Problem to solve: Pictures stay out of the copy. Repeat exactly the lines from the first entry below through the line that contains "-Счётчик горячей воды", and nothing beyond.

Listed records:
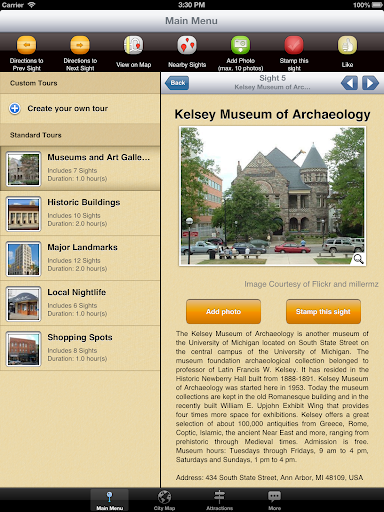 This handy application presents you several self-guided walking tours to see the best of the Ann Arbor, Michigan, and it comes with detailed tour route maps and powerful navigation features to guide you from one sight to the next. No need to hop on a tour bus or join a tour group; now you can explore all of the best attractions on your own, at your own pace, and at a cost that is only a fraction of what you would normally pay for a guided tour.
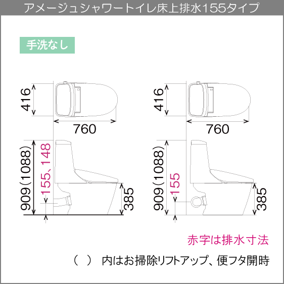 ・ 『壁排水(床上排水)』仕様、排水芯(高さ):155mmです。
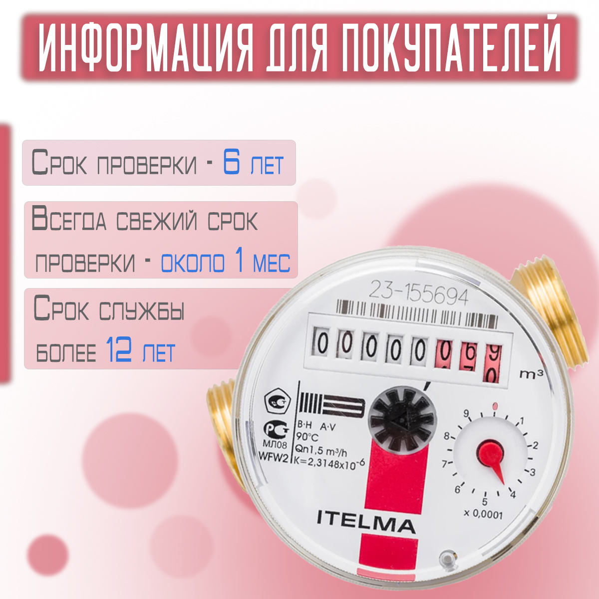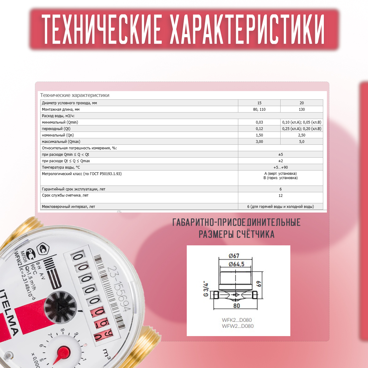 -Счётчик горячей воды ITELMA WFW20.D080, L80, Ду15. производятся по немецкой лицензии из западно-европейских комплектующих
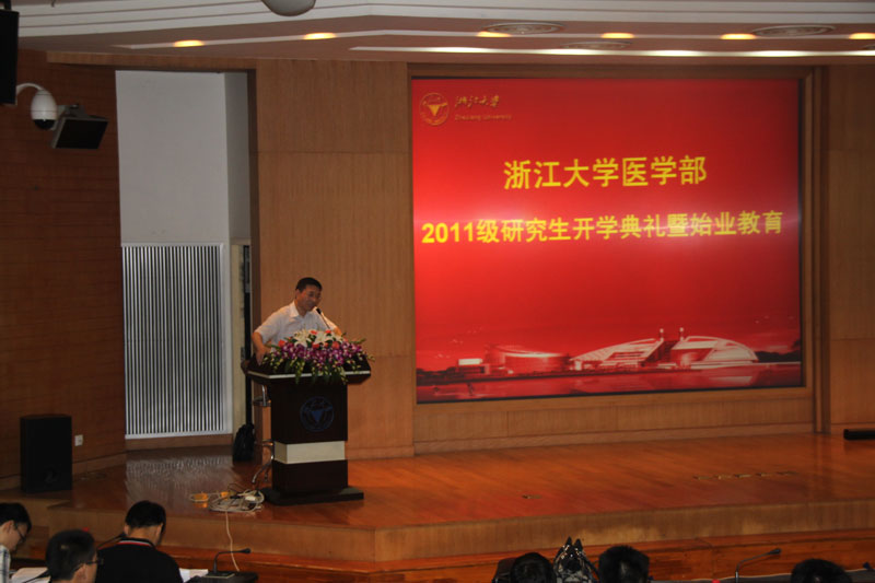 2011年9月1日上午,医学部2011级研究生开学典礼暨始业教育在紫金港国际会议中心225会议室隆重举行。500多名研究生新生参加了典礼。会议由医学部副主任黄河教授主持。医学部常务副主任罗建红教授、党委副书记张小玲老师、教学办公室俞方主任、基础医学系副主任欧阳宏伟教授及相关分管研究生工作的老师参加了会议。
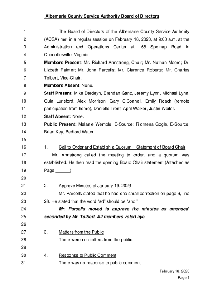 Albemarle County Service Authority Board of Directors1The Board of Directors of the Albemarle County Service Authority2(ACS) met in a regular session on February 16, 2023, at 9:00 a.m. at the3Administration4Charlottesville,
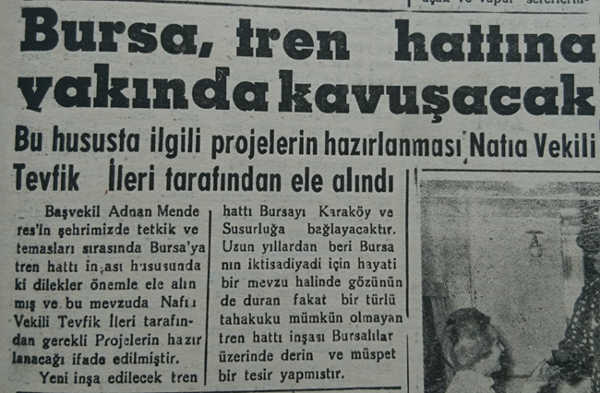 Başvekil Adnan Menderes’in şehrimizde tetkik ve temasları sırasında Bursa’ya tren hattı inşası hususundaki dilekler önemle ele alınmış ve bu mevzuda Nafia Vekili Tevfik İleri tarafından gerekli projelerin hazırlanacağı ifade edilmiştir. Yeni inşa edilecek tren hattı Bursa’yı Karaköy ve Susurluk’a bağlayacaktır. Uzun yıllardan beri Bursa’nın iktisadiyadi için hayati bir mevzu halinde gözönünde duran fakat bir türlü tahakkuku mümkün olmayan tren hattı inşası Bursalılar üzerinde derin ve müspet bir tesir yapmıştır.
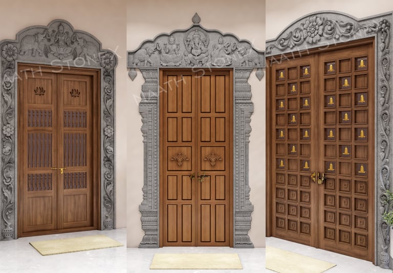 Explore our traditional pooja room designs, crafted from premium black stone, ensuring a serene and spiritual ambiance for your home.

Exercise result:
 This handy application presents you several self-guided walking tours to see the best of the Ann Arbor, Michigan, and it comes with detailed tour route maps and powerful navigation features to guide you from one sight to the next. No need to hop on a tour bus or join a tour group; now you can explore all of the best attractions on your own, at your own pace, and at a cost that is only a fraction of what you would normally pay for a guided tour.
 ・ 『壁排水(床上排水)』仕様、排水芯(高さ):155mmです。
 -Счётчик горячей воды ITELMA WFW20.D080, L80, Ду15. производятся по немецкой лицензии из западно-европейских комплектующих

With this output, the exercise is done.